Нубар родила поздно – в сорок два года. Спустя неделю от разрыва сердца умер Гарегин, оставив ее одну с грудным ребенком на руках. Она назвала его Тароном, в память о крае, откуда были родом их предки.
Он рос хорошим мальчиком, уверена, многого бы добился. Но за большой мечтой уезжают в большие города, а он позволить себе этого не мог, потому что не с кем было оставить пожилую больную мать. Устроился в фотоателье, научился играть на кларнете. Однажды, когда был еще маленьким, у него спросили, как называется штат, откуда приехали его родители. Он ответил, безбожно коверкая название, – Мачуча. С того дня его так и звали. Он не возражал, ему нравилось.
Ты, наверное, помнишь старую карту, которая висела в фотоателье. Это была карта Массачусетса. Как-то он признался твоему отцу, что мечтает улететь в Бостон, посмотреть город, где выросли его родители. Не успел.

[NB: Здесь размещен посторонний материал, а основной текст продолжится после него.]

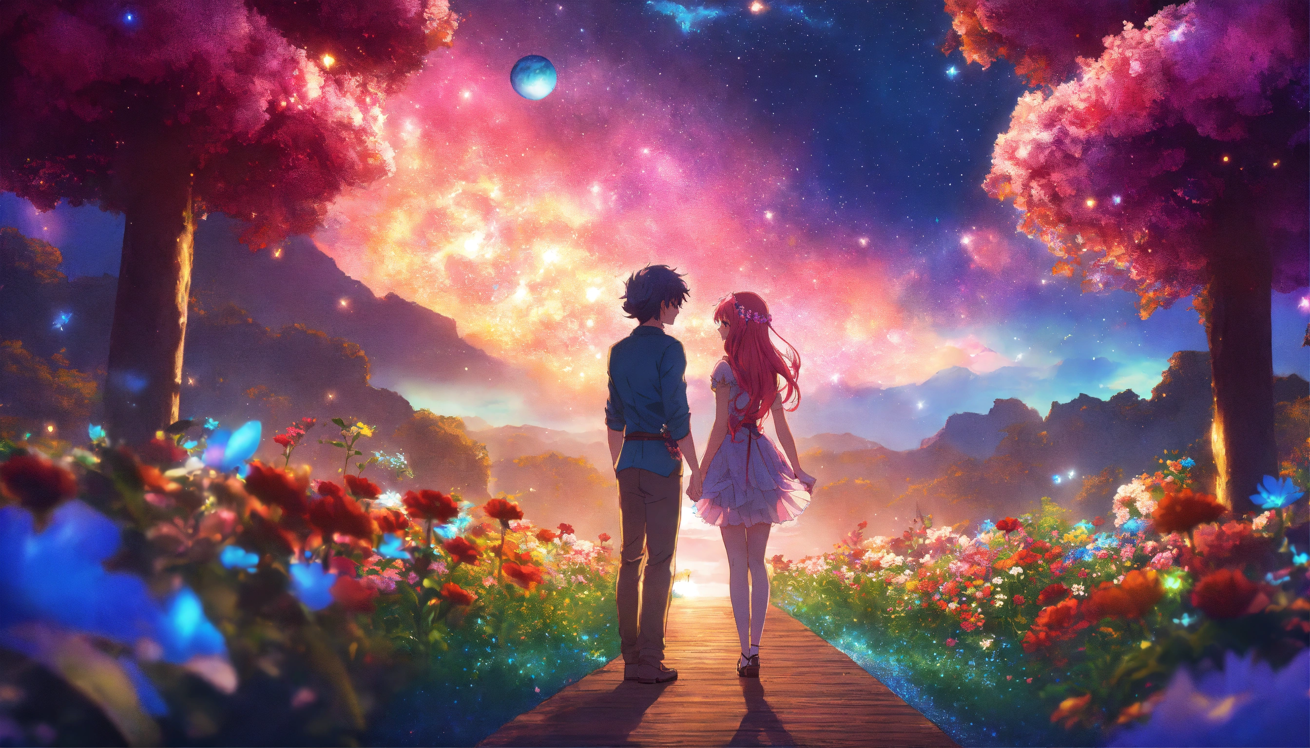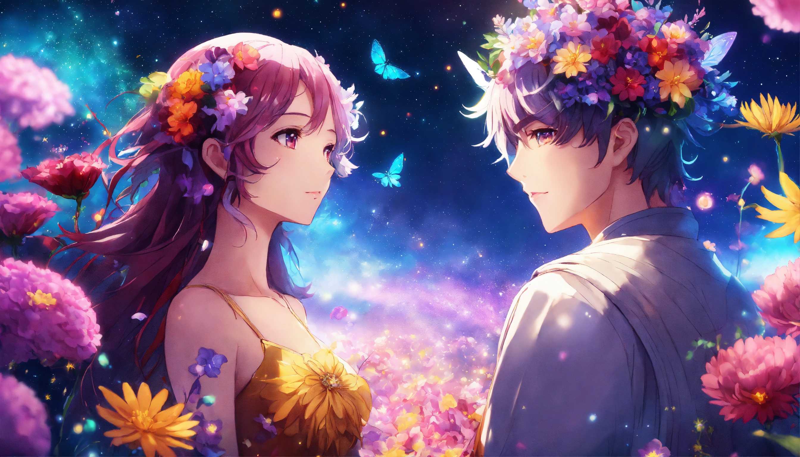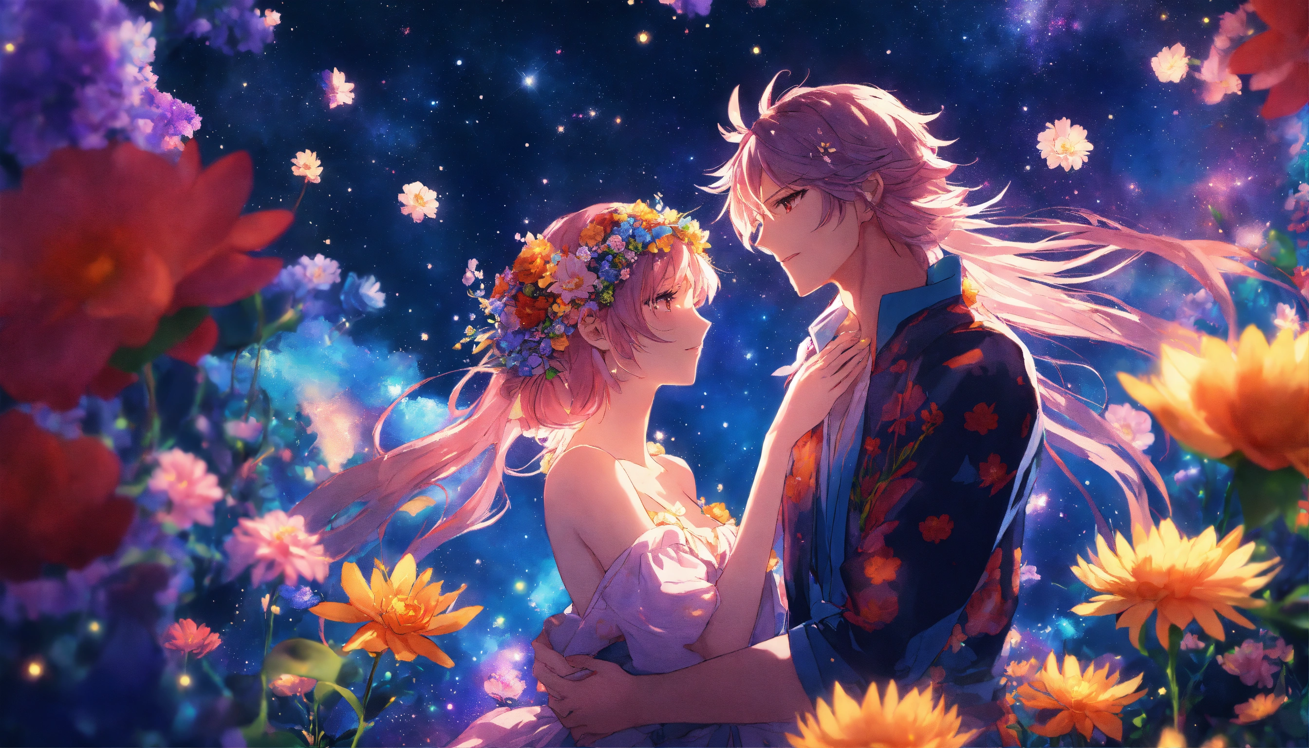 Anime of a beautiful fairy couple, with long flower hair, vibrant colors, flowers in space garden, stars, cosmic, flowers, cinematic lighting, 8k resolution, seamless, anime style

Во дворе его дома жил рыжий пес, передвигался на передних лапах, задние волок за собой – во время бомбежки осколком перебило позвоночник. Раньше он жил на улице, заглядывал прохожим в глаза. Каждый думал – хоть бы кто-нибудь пристрелил его, чтобы не мучился, а сам подкармливал исподтишка. А Тарой вернулся с войны и забрал его к себе. Таскал, прихрамывая, на руках, когда тот совсем одряхлел».
Мама убирает поминальную чашу в нишу, оставляет там же бумажный кулечек с ладаном. Туман стремительно сползает с Восточного холма, шаг за шагом отвоевывая себе пространство.
Перед тем как уйти, я протираю его фотографию рукой. На ладони остаются грязные разводы. Он смотрит сквозь меня своими серебристыми, цвета ноябрьского неба, глазами.
Прощай, Мачуча. Прощай.
Хаддум
Старую Хаддум все так и называли – Старая Хаддум. Не из-за почтенного возраста – два года назад внуки с помпой отметили ее восьмидесятилетие, а из уважения. Старый – значит, мудрый. С датой юбилея вышла закавыка – в начале двадцатого века метрики детям, рожденным в ее каменной берберской крепости, выписывали сильно позже их рождения, а замученные бессонницей матери не очень помнили, в какой день и месяц они родили своего очередного ребенка, поэтому в ее свидетельстве стояла следующая запись: «Хаддум Лааллюш, пятая дочь Исмаила Лааллюша и Бушры Алауи, рожденная в сезон проливных дождей, на третий день месяца джумада аль-уля».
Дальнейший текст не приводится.